8.3.3.4 SM-11: Sleep Wake Error Timer; tINACTIVE

The sleep wake error (SWE) timer is a timer used to determine if specific external and internal functions are working. Upon power up, POR or UVSUP event, the SWE timer starts, tINACTIVE, and the processor has typically 4.5 minutes to configure the device, clear the PWRON flag or change the device to normal or listen mode. This feature cannot be disabled for power up. If the device has not had the PWRON flag cleared or been placed into normal or listen mode, it enters sleep mode. The SWE timer can be disabled for the other scenarios that cause the device to enter fail-safe mode by setting SWE_DIS; 8'h1C[7] = 1 and FS_DIS at 8'h17[0] = 1.

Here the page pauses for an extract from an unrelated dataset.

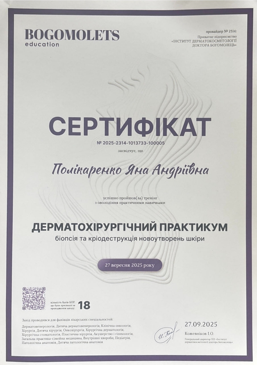 - Біопсія та кріодеструкція новоутворень шкіри Інститут дерматокосметології доктора Богомолець - 09.2025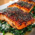 Deliciously seasoned salmon fillets with a blackened crust, paired with sautéed spinach and melted Parmesan cheese.

The device wakes up if the CAN bus provides a WUP or a local wake event takes place thus entering standby mode. Once in standby mode, the tSILENCE and tINACTIVE timers start. If the tINACTIVE expires the device re-enters sleep mode. When the device receives a CANINT, and LWU or FRAME_OVF such that the device leaves sleep mode and enters standby mode, the processor has tINACTIVE to clear the flags and place it into normal mode. If this does not happen, the device enters sleep mode. When in standby, normal or listen mode and the CANSLNT flag persists for tINACTIVE, the device enters sleep mode. Examples of events that could create this are the processor is no longer working and not able to exercise the SPI bus, or a go to sleep command comes in and the processor is not able to receive it or is not able to respond. See data sheet.

When fail-safe mode (FSM) is enabled and the SWE timer expires the device will enter FSM and will indicate the fault at 8'h50[7], 8'h50[4] and 8'h53[5] = FSM.

Figure 8-3 shows when the SWE timer, tINACTIVE, starts and what mode transitions take place.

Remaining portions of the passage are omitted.